Task statement - Copy the data exactly from the line that contains "Small cotton pouch" through the line that contains "鰹タタキ2本(約計700g)", keeping both end lines and leaving out everything else.

━━━━━ Materials provided ━━━━━

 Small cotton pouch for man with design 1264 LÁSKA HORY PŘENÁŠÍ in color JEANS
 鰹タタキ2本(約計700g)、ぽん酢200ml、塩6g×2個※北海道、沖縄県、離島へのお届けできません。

━━━━━
━━━━━ Materials provided ━━━━━

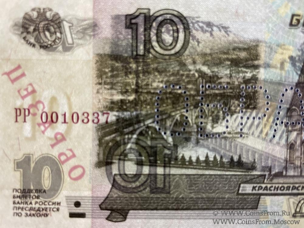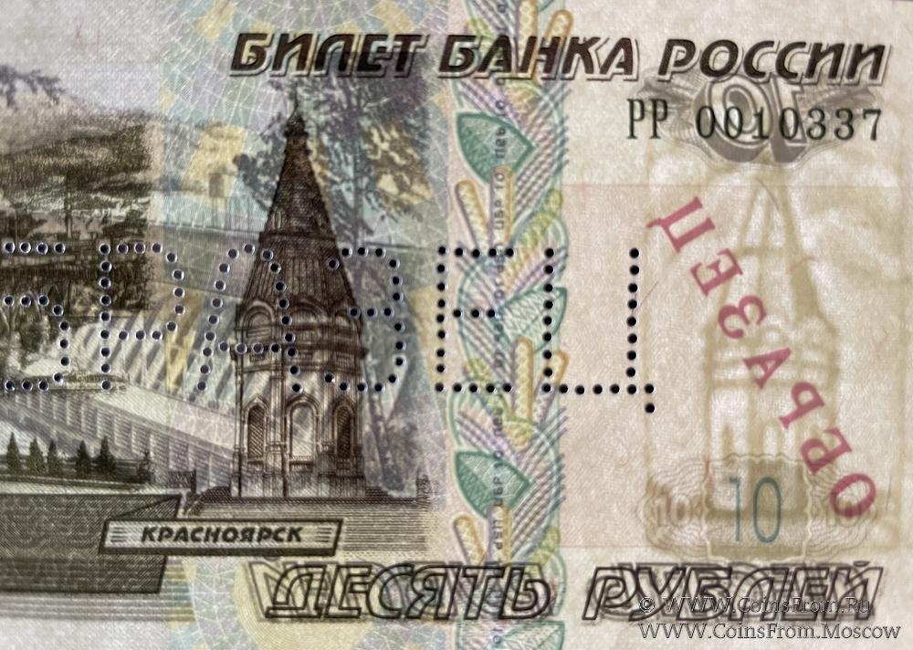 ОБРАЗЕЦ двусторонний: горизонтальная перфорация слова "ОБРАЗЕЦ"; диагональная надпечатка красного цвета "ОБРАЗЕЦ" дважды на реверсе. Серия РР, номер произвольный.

━━━━━
━━━━━ Materials provided ━━━━━

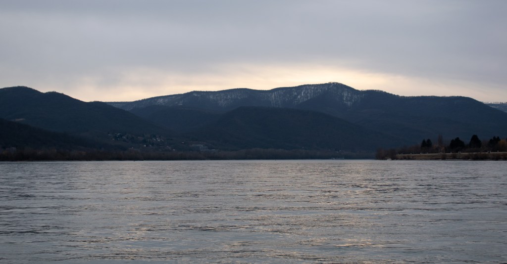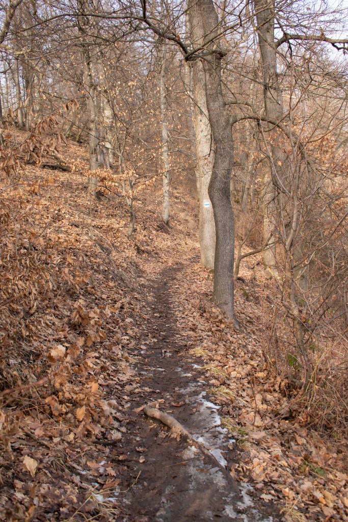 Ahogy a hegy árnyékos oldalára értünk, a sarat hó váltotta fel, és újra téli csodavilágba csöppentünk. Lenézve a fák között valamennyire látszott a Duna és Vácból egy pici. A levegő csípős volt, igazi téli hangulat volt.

━━━━━

Reply to the exercise -
 Small cotton pouch for man with design 1264 LÁSKA HORY PŘENÁŠÍ in color JEANS
 鰹タタキ2本(約計700g)、ぽん酢200ml、塩6g×2個※北海道、沖縄県、離島へのお届けできません。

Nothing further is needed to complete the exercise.